Publié dans La Presse

Fort d’un nouveau mandat électoral, le premier ministre du Québec, François Legault, a déjà hâte d’en découdre avec son vis-à-vis canadien sur l’enjeu de l’immigration.

Même si le Québec dispose déjà des principaux leviers lui permettant de choisir ses immigrants en vertu d’une entente fédérale-provinciale qui date de l’époque du gouvernement Bourassa, M. Legault n’est pas en reste : « Si les Québécois veulent que le gouvernement du Québec ait plus de pouvoirs en immigration, il n’y a personne qui va pouvoir résister à ça », a déclaré le premier ministre la semaine dernière. On sent bien que pour M. Legault, les lois 21 et 96 ne signalaient que la période de réchauffement. La partie s’annonce rude.

Dans l’ouest du pays, l’élection de Danielle Smith comme nouvelle cheffe du United Conservative Party (UCP) et de facto première ministre de l’Alberta annonce aussi un automne chaud. Le Sovereignty Act, un des principaux engagements de Mme Smith, donnerait à l’Assemblée législative de l’Alberta le pouvoir de déclarer que la province n’appliquerait pas les lois fédérales qui, selon elle, empiètent sur les compétences provinciales. En somme, la loi conférerait aux législateurs provinciaux un droit de veto sur les lois fédérales.

Les tensions entre le gouvernement fédéral et les provinces sont inhérentes au fédéralisme canadien.

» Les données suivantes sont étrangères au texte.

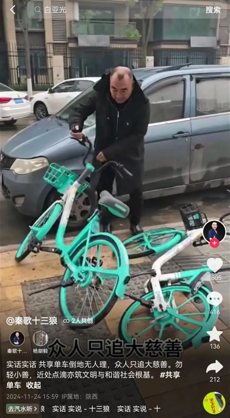 本日(28日),陕西广播电视台《吼秦腔》发布讣告,陕西著名音乐人,秦歌代表人物十三狼,因病医治无效,于2024年11月28日5:30去世,享年58岁。值得留意的是,其外交账号“秦歌十三狼”有17万多粉丝,几天前的11月24日还发表了扶起共享单车的视频,并配文说:实话实说,共享单车倒地无人理,众人只追大慈善。勿轻小善,近处点滴亦筑文明与调和社会根基。 |

On ne peut pas reprocher aux premiers ministres provinciaux de se porter à la défense de l’autonomie provinciale et de réclamer des transferts fédéraux plus généreux.

C’est de bonne guerre. Dans le cas du Québec, il existe un large consensus canadien quant au rôle historique et unique du gouvernement du Québec quant à la protection de la langue française. L’ancien ministre Stéphane Dion a déjà dit que la loi 101 est une grande loi canadienne. Il avait raison, et c’est la force du modèle canadien : un fédéralisme décentralisé qui reconnaît aux provinces des pouvoirs exclusifs dans les domaines névralgiques tels que la santé, l’éducation et la gestion des ressources naturelles.

UNE SOUVERAINETÉ DE FACTO

Mais dans les deux cas qui nous préoccupent, les gouvernements Legault et Smith nous amènent ailleurs. Ce qu’ils proposent en somme, c’est un fédéralisme unidirectionnel. Le raisonnement est simple et limpide : s’approcher le plus possible de la souveraineté sans le souci de la validation des citoyens et des référendums. Une souveraineté de facto par rapport à de jure.

Par définition, l’idée fédérale exige une certaine réciprocité, un esprit de compromis. Par-dessus tout, elle exige une participation active des États fédérés aux affaires nationales. On peut difficilement se prétendre fédéraliste et refuser systématiquement de s’intéresser à ce qui se passe au-delà de nos frontières provinciales. Ce n’est pas seulement dommageable pour l’unité du pays, c’est une abdication du poids politique du Québec et de l’Alberta à l’intérieur du gouvernement fédéral. Ainsi, on marginalise en quelque sorte le rôle des députés fédéraux provenant de ces deux provinces.

La logique selon laquelle le gouvernement fédéral « doit » constamment acquiescer à plus de pouvoirs et de ressources au Québec et à l’Alberta doit atteindre sa limite raisonnable.

Elle n’est pas viable à long terme si l’objectif est de garder le pays uni. S’il venait à se dépouiller de toute sa pertinence dans la gouverne du Canada, quelles raisons le gouvernement fédéral aurait-il d’exister ? L’asymétrie dans une dynamique fédérale a aussi ses limites : comment faire accepter aux citoyens des autres provinces qu’au niveau fédéral ils auraient moins de pouvoirs sur les Québécois et Albertains que ceux-ci en auraient sur eux ?

L’idée n’est pas de prétendre que le gouvernement fédéral doit fermer les yeux devant les revendications légitimes des provinces et territoires et prétendre que tout va bien. Il est évident qu’il doit faire preuve d’humilité et faire en sorte que les préoccupations des gouvernements québécois et albertain soient entendues et débattues. Mais soyons vigilants : la logique de fédéralisme unidirectionnel enlèvera tôt ou tard toute légitimité au gouvernement fédéral dans la gouverne du Canada. Il nous faut rejeter ce nouveau faux fédéralisme.